*Items listed in a dataset*.

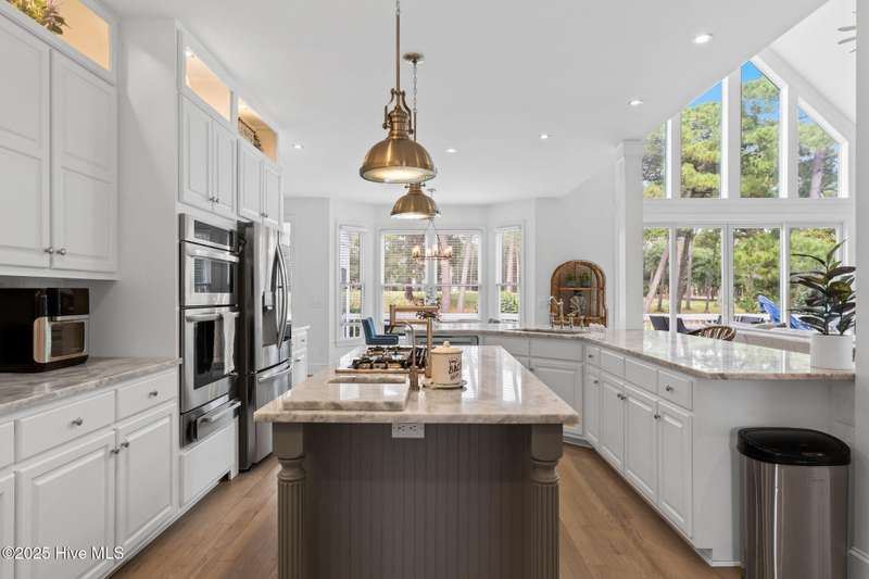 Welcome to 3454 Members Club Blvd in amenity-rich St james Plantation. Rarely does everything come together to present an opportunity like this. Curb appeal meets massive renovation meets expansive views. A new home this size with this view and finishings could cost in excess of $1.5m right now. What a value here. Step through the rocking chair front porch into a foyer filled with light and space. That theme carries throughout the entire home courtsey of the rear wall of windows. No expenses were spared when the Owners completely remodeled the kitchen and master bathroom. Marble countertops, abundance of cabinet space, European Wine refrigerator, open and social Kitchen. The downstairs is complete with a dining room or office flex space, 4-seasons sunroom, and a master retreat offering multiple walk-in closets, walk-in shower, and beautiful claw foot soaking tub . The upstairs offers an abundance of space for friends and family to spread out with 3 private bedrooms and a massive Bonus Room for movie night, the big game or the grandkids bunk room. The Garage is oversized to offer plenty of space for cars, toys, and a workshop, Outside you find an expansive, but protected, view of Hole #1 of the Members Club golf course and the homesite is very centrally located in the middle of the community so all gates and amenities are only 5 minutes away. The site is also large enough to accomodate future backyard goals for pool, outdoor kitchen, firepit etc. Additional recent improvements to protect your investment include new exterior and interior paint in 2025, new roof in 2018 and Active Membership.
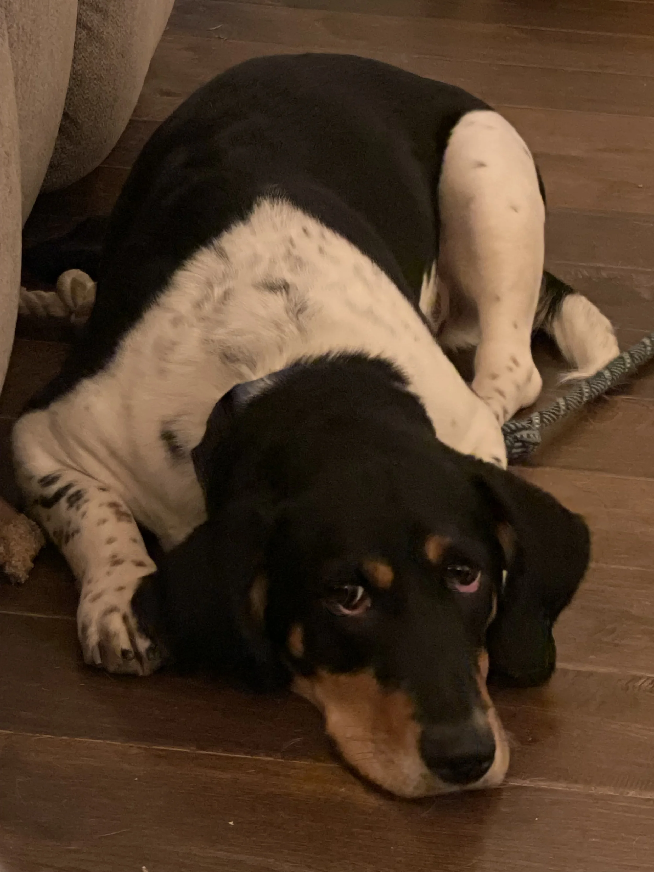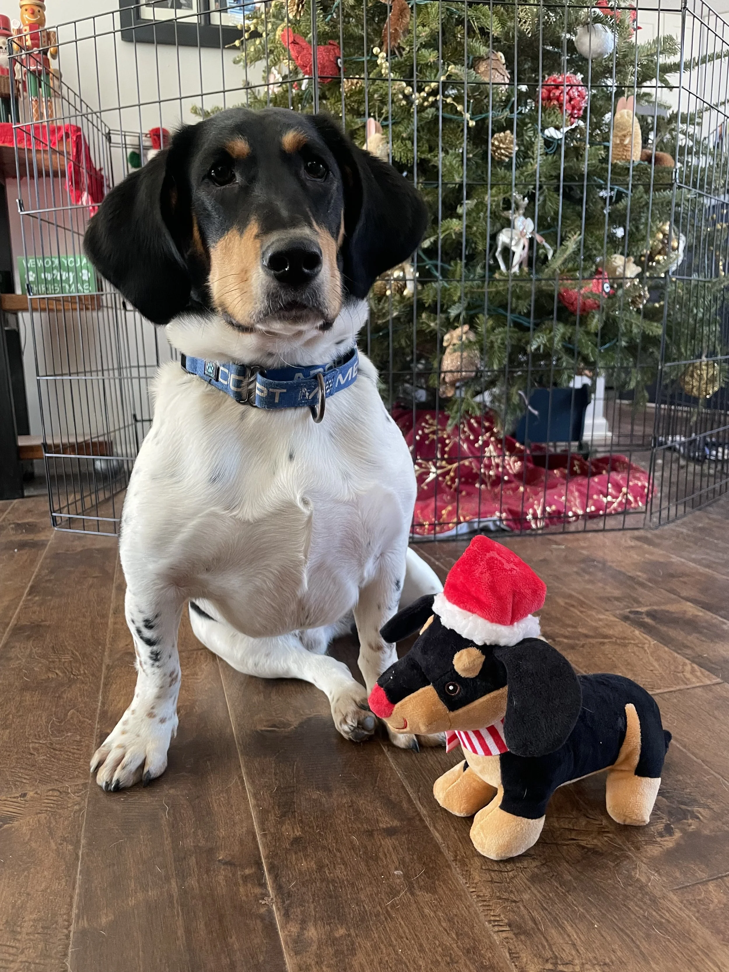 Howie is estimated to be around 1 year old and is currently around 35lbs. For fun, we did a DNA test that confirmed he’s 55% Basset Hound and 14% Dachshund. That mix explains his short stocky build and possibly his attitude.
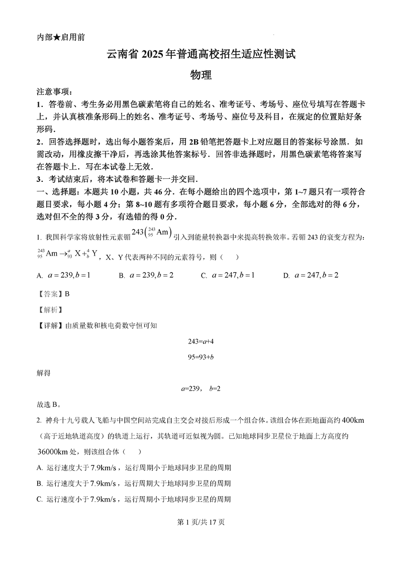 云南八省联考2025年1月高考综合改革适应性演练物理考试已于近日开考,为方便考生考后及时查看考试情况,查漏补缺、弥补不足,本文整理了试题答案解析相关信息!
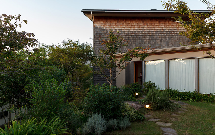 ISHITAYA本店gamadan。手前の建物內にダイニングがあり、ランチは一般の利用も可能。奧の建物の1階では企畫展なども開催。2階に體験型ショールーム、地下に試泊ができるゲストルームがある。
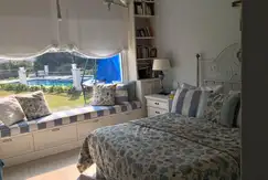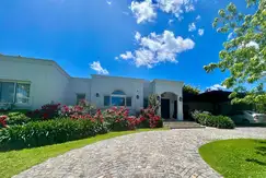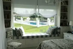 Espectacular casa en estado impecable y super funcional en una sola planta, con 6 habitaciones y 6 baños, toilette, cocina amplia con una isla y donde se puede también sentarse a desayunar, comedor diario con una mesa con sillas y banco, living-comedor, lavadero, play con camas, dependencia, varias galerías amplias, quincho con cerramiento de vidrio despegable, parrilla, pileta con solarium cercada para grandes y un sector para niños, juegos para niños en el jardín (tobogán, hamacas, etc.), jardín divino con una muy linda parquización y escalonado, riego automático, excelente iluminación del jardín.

*PROMPT*.
Write out exactly the lines above, from the very first through the line containing "Howie is estimated", both kept, with the pictures removed.

*WRITTEN REPLY*.
 Welcome to 3454 Members Club Blvd in amenity-rich St james Plantation. Rarely does everything come together to present an opportunity like this. Curb appeal meets massive renovation meets expansive views. A new home this size with this view and finishings could cost in excess of $1.5m right now. What a value here. Step through the rocking chair front porch into a foyer filled with light and space. That theme carries throughout the entire home courtsey of the rear wall of windows. No expenses were spared when the Owners completely remodeled the kitchen and master bathroom. Marble countertops, abundance of cabinet space, European Wine refrigerator, open and social Kitchen. The downstairs is complete with a dining room or office flex space, 4-seasons sunroom, and a master retreat offering multiple walk-in closets, walk-in shower, and beautiful claw foot soaking tub . The upstairs offers an abundance of space for friends and family to spread out with 3 private bedrooms and a massive Bonus Room for movie night, the big game or the grandkids bunk room. The Garage is oversized to offer plenty of space for cars, toys, and a workshop, Outside you find an expansive, but protected, view of Hole #1 of the Members Club golf course and the homesite is very centrally located in the middle of the community so all gates and amenities are only 5 minutes away. The site is also large enough to accomodate future backyard goals for pool, outdoor kitchen, firepit etc. Additional recent improvements to protect your investment include new exterior and interior paint in 2025, new roof in 2018 and Active Membership.
 Howie is estimated to be around 1 year old and is currently around 35lbs. For fun, we did a DNA test that confirmed he’s 55% Basset Hound and 14% Dachshund. That mix explains his short stocky build and possibly his attitude.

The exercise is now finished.